Houston Dynamo Defeat Puntarenas, FIFA Bans Head Scarves, and More
By Nick Barbaro, 7:37PM, Wed. Mar. 7, 2007
The Houston Dynamo beat Costa Rica’s Puntarenas, 2-0, last Thursday night in College Station, avenging a 1-0 first-leg loss and advancing to the semifinals of the CONCACAF Champions Cup. The goals came, one in each half, from Paul Dalglish and Kelly Gray, but the man of the match may once again have been keeper Zach Wells, the backup who had come on as an emergency replacement for injured starter Pat Onstad in Costa Rica and stopped a penalty kick on his first touch. This marks the first time an American team has ever beaten a Tico squad in Cup play.
Next up: Defending Mexican champs and South American Cup champs (the first Mexican team ever to win that title), Pachuca, come to Houston next Wednesday; the return leg is in Pachuca on April 5. All this, and the MLS season doesn’t even start for another month. Robertson Stadium, Wed., March 14, 7:30pm; www.houstondynamo.com for more info.

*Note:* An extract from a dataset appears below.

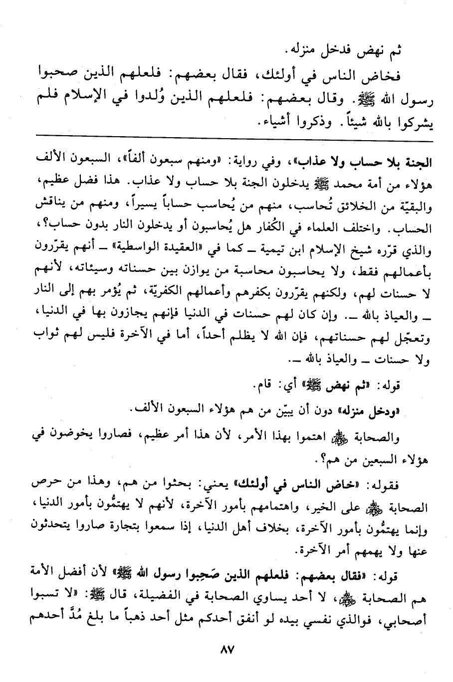 الجنة بلا حساب ولا عذاب"، وفي رواية: "ومنهم سبعون ألفاً"، السبعون الألف هؤلاء من أمّة محمد صَلَّى اللَّهُ عَلَيْهِ وَسَلَّمَ يدخلون الجنة بلا حساب ولا عذاب. هذا فضل عظيم، والبقيّة من الخلائق تُحاسب، منهم من يُحاسب حساباً يسيراً، ومنهم من يناقش الحساب. واختلف العلماء في الكُفار هل يُحاسبون أو يدخلون النار بدون حساب؟، والذي قرّره شيخ الإسلام ابن تيمية- كما في "العقيدة الواسطية"- أنهم يقرّرون بأعمالهم فقط، ولا يحاسبون محاسبة من يوازن بين حسناته وسيئاته، لأنهم لا حسنات لهم، ولكنهم يقرّرون بكفرهم وأعمالهم الكفريّة، ثم يُؤمر بهم إلى النار - والعياذ بالله-. وان كان لهم حسنات في الدنيا فإنهم يجازون بها في الدنيا، وتعجّل لهم حسناتهم، فإن الله لا يظلم أحداً، أما في الآخرة فليس لهم ثواب ولا حسنات- والعياذ بالله-.

Three English teams advanced to the final eight of the European Champions League this week: Manchester United, Chelsea, and Liverpool, which ousted defending champ Barcelona. Arsenal, the lone English failure, was bounced out of their third cup competition in 10 days, by PSV Eindhoven. Also going through: AC Milan (in overtime over Glasgow Celtic), Bayern Munich (over Real Madrid), Roma (on the road in Lyon) and Valencia (ousting still-undefeated Italian champs Inter Milan).
Breakfast of the week: this Sunday, 7:30am, Fadó Irish Pub. Exclusively on pay-per-view, two cracking British derbies on closed circuit PPV – London’s Chelsea-Spurs in the FA Cup and Glasgow’s legendary Celtic-Rangers, which just may be the world’s most intense sporting rivalry. Perfect for an Irish breakfast and a pint of Guinness, innit? A FOX Soccer Channel FA Cup doubleheader follows: Blackburn-Man City at 11am, and Plymouth-Watford at 1pm.
The U.S. Soccer Federation has announced that they’ll bid to host the World Cup in 2018, challenging England’s previously announced bid. The WC will be in South Africa in 2010, and it’s widely assumed that it will be in South America (probably Brazil) in 2014. FIFA President Sepp Blatter added weight to the American bid by announcing that, by strict rotation, the Cup ought to be in North America in 2018.
FIFA has ruled definitively that no player may wear a head scarf on the field, reaffirming a referee’s decision to ban an 11-year-old Muslim girl from a tournament near Montreal. The case drew worldwide attention after her team withdrew in protest.